Все кивали, сочувствовали, просили налить кофе, стреляли сигареты и мешали
работать. Настя едва успевала резким движением корпуса задвигать в стол ящик со
списками, когда распахивалась дверь.
Хорошо еще, что по городскому телефону никто не звонил.
Когда дверь стала открываться в очередной раз, Настя
подумала, что завтра у нее на теле точно будет синяк. Вошел Гордеев.
– Ты что трубку не берешь? До тебя Чернышев не может
дозвониться.
Настя недоуменно взглянула на телефонный аппарат.

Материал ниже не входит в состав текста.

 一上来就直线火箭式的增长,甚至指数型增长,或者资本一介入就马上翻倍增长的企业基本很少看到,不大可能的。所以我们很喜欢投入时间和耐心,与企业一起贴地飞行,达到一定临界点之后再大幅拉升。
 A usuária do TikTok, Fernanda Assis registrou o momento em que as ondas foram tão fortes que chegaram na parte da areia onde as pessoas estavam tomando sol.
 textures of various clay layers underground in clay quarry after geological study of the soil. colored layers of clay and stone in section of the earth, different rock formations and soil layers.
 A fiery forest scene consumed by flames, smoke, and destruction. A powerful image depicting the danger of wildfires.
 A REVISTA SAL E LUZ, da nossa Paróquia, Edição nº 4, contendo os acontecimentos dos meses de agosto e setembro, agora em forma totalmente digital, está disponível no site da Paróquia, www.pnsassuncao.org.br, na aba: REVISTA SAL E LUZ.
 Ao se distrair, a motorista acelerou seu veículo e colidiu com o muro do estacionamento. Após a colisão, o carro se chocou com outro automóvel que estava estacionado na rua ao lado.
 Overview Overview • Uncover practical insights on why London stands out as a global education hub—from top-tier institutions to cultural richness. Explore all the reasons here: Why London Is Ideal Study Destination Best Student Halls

– Не было никаких звонков.
Она сняла трубку городского телефона, приложила к уху и
протянула ее Колобку.
– Отключен. Глухо, как в могиле.
Виктор Алексеевич проворно подскочил к двери и запер ее
изнутри на ключ.
– Отвертка есть?
– Откуда? – развела руками Настя.
– Бестолочь, – беззлобно бросил Колобок. – Ну хотя бы
ножницы дай.
Он быстро осмотрел розетку, потом, ловко орудуя ножницами,
вскрыл аппарат.
– Изящно, – констатировал он, разглядывая едва заметные
невооруженным глазом повреждения проводов. – Простенько и со вкусом. Хочешь,
развлечемся?
– Зачем? Я и так знаю, кто это сделал. И вы знаете.

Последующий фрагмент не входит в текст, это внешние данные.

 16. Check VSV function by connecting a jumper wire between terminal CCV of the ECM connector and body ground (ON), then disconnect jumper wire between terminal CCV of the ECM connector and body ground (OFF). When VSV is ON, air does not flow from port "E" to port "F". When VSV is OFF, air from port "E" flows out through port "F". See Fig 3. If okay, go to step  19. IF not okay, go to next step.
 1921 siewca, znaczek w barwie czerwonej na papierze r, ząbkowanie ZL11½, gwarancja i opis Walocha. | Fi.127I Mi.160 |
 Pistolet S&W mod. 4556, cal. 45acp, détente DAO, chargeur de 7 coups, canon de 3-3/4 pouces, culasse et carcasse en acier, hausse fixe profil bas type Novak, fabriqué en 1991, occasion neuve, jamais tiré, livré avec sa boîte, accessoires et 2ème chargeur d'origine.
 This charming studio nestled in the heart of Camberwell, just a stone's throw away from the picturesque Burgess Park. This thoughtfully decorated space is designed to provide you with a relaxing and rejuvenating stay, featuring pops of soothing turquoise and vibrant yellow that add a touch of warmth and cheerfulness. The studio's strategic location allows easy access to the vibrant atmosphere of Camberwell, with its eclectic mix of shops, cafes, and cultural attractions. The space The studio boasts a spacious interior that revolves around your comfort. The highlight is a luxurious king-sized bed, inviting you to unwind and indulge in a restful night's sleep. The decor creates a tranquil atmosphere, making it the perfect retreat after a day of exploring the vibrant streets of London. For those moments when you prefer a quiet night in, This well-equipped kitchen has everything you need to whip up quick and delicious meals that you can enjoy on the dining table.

– Мало ли что мы с тобой знаем. А вдруг да ошибаемся? И
вообще, слишком уж спокойную жизнь ты ему устроила. Он тут, понимаешь ли, самый
умный, самый хитрый, самый удачливый, все у него получается, как он хочет или
как ему его хозяева велят, а мы с тобой ушами хлопаем и послушно идем у него на
поводу, как безмозглые телята. Пора подергать его за нервные окончания, а то
кабы не заподозрил чего-нибудь. Он – работник опытный, прекрасно знает, что
гладко бывает только на бумаге, а в жизни обязательно что-то срывается, идет
наперекосяк. Пусть развлечется, поломает голову: в чем же он ошибся.
– Все равно не понимаю, – она пожала плечами. – На что
он рассчитывал? Я давным-давно могла обнаружить, что телефон не работает. Это
чистая случайность, что мне самой не надо было сегодня никуда звонить.

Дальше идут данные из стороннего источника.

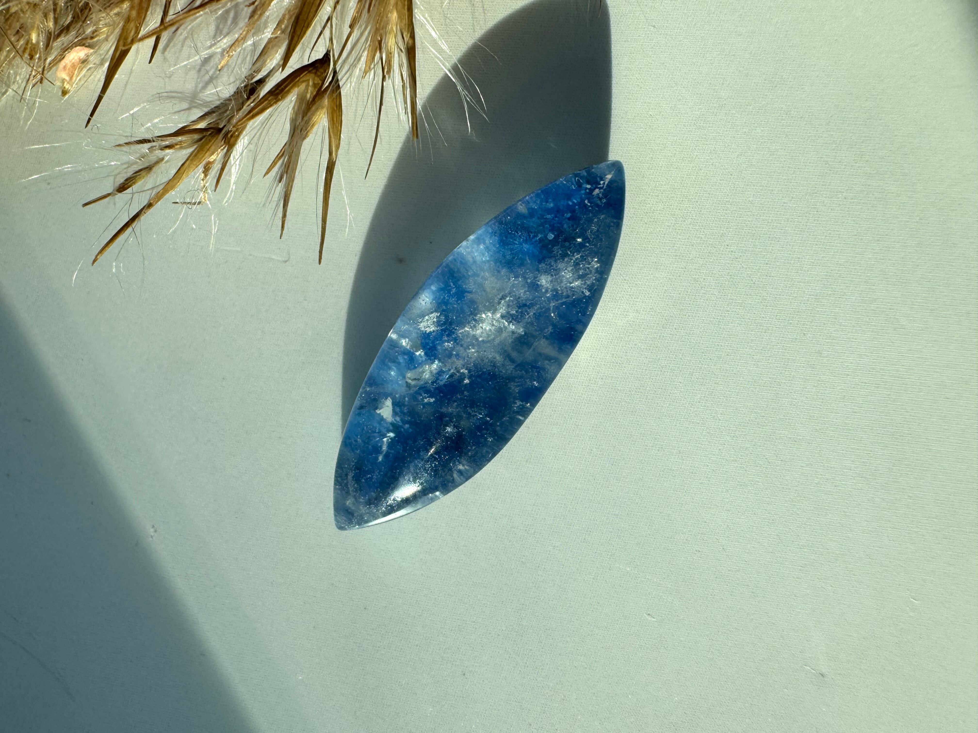 透明感あふれるクォーツの中に浮かぶように入った、鮮やかな青色のデュモルチェライトが神秘的です。おまもりやアクセサリーにも使えるサイズです。
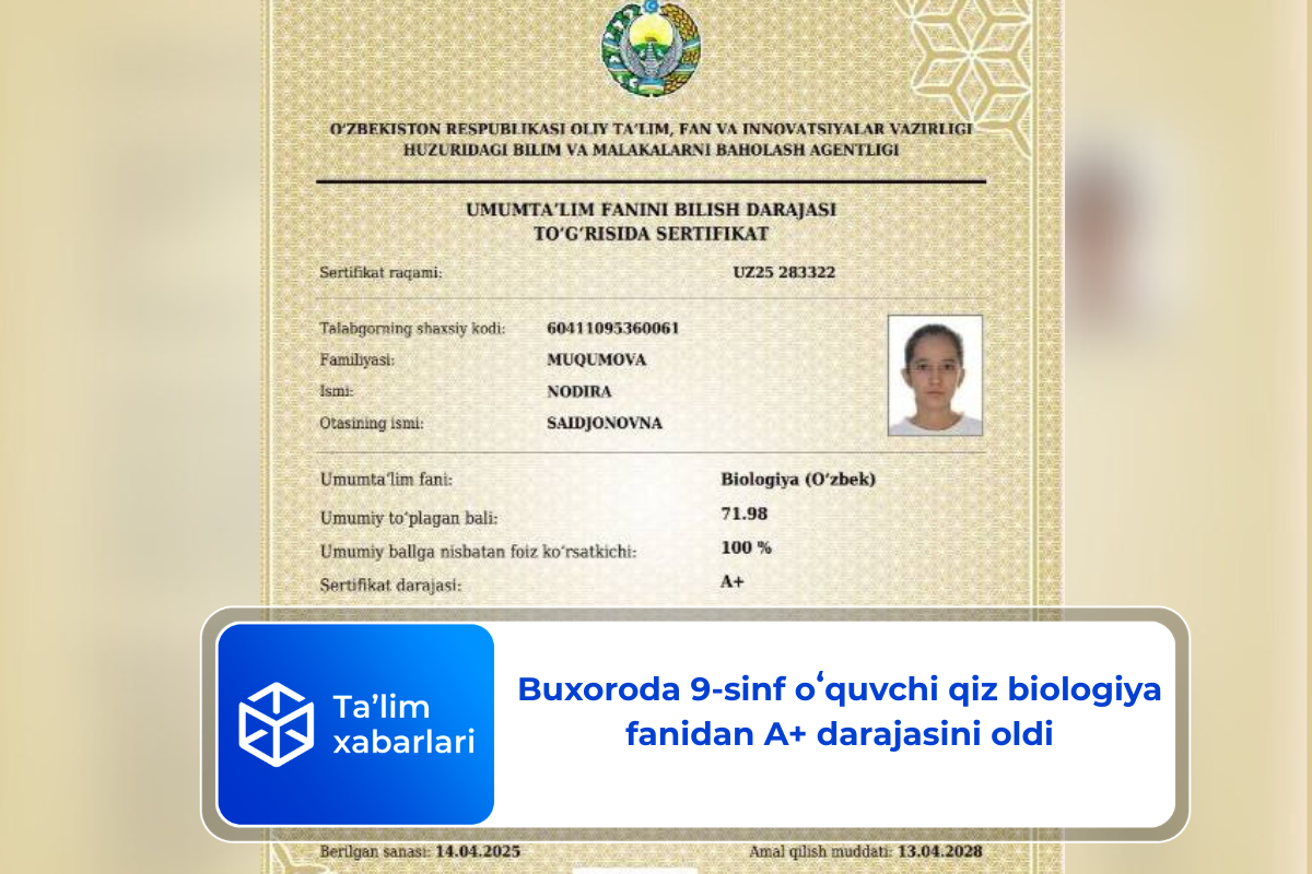 Buxoro viloyati Buxoro shahridagi umumiy o’rta ta’lim maktabning 9-sinf oʻquvchisi Muqumova Nodira biologiya fanidan A+ darajasini olgan. Ushbu natija kirish imtihonlaridan biologiya fanidan eng maksimal ballga erishish imkoniyatini beradi.
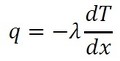 フーリエの法則の3次元版は熱流束qがベクトル量となり、次式のように表すことができます。ベクトル量は太字で表記します。

– И что бы ты сделала, сняв трубку и не услышав гудок?
– Не знаю. Наверное, попросила бы кого-нибудь
посмотреть, в чем там дело.
– Кого именно?
Настя усмехнулась.
– Вы правы на все сто процентов, Виктор Алексеевич, я
как раз к нему и обратилась бы. Во-первых, его кабинет рядом, следующая дверь
после моей. Во-вторых, все знают, что он хорошо разбирается в аппаратуре и в
бытовой технике. Ему постоянно приносят кофемолки, фены, электробритвы и прочую
дребедень и просят починить. У него, кстати, и набор отверток есть, этим
набором тоже все пользуются. Так или иначе, но мой испорченный аппарат мимо
него не прошел бы.
– Вот-вот, – подхватил Гордеев, – он сам бы стал его
смотреть и сказал бы тебе, что там такая хитрая неисправность, которую сразу
устранить нельзя, нужна одна редкая деталька, и завтра он специально для тебя
эту детальку из дома принесет и все починит. А сегодня тебе придется потерпеть
без телефона.
– Ясно. Он не хочет, чтобы мне кто-то дозвонился из
города. Причем не наш сотрудник, который меня может искать по десятку разных
телефонов, в том числе и по вашему, а кто-то вроде свидетеля, у которого обычно
есть только один номер, в этом кабинете. Сама-то я, если нужно, могу позвонить
и с другого телефона. Как вы думаете, Виктор Алексеевич, от кого он меня
оберегает? От Карташова?
– Все может быть. У тебя бутылка есть?
– Чего?
От изумления брови у Насти поползли вверх.
– Бутылка. Со спиртным. И что ты за сыщик, Каменская?
Сплошное недоразумение. Ни отвертки у тебя нет, ни бутылки. Ладно, сам принесу.
Через несколько минут в комнату к Насте начали стекаться
сотрудники.
Многих на месте не было, известно же, что оперативника ноги
кормят. Но человек семь все же набралось. Последним вошел Гордеев, торжественно
неся в руках бутылку шампанского и полиэтиленовую сумку, в которой выразительно
звякали стаканы.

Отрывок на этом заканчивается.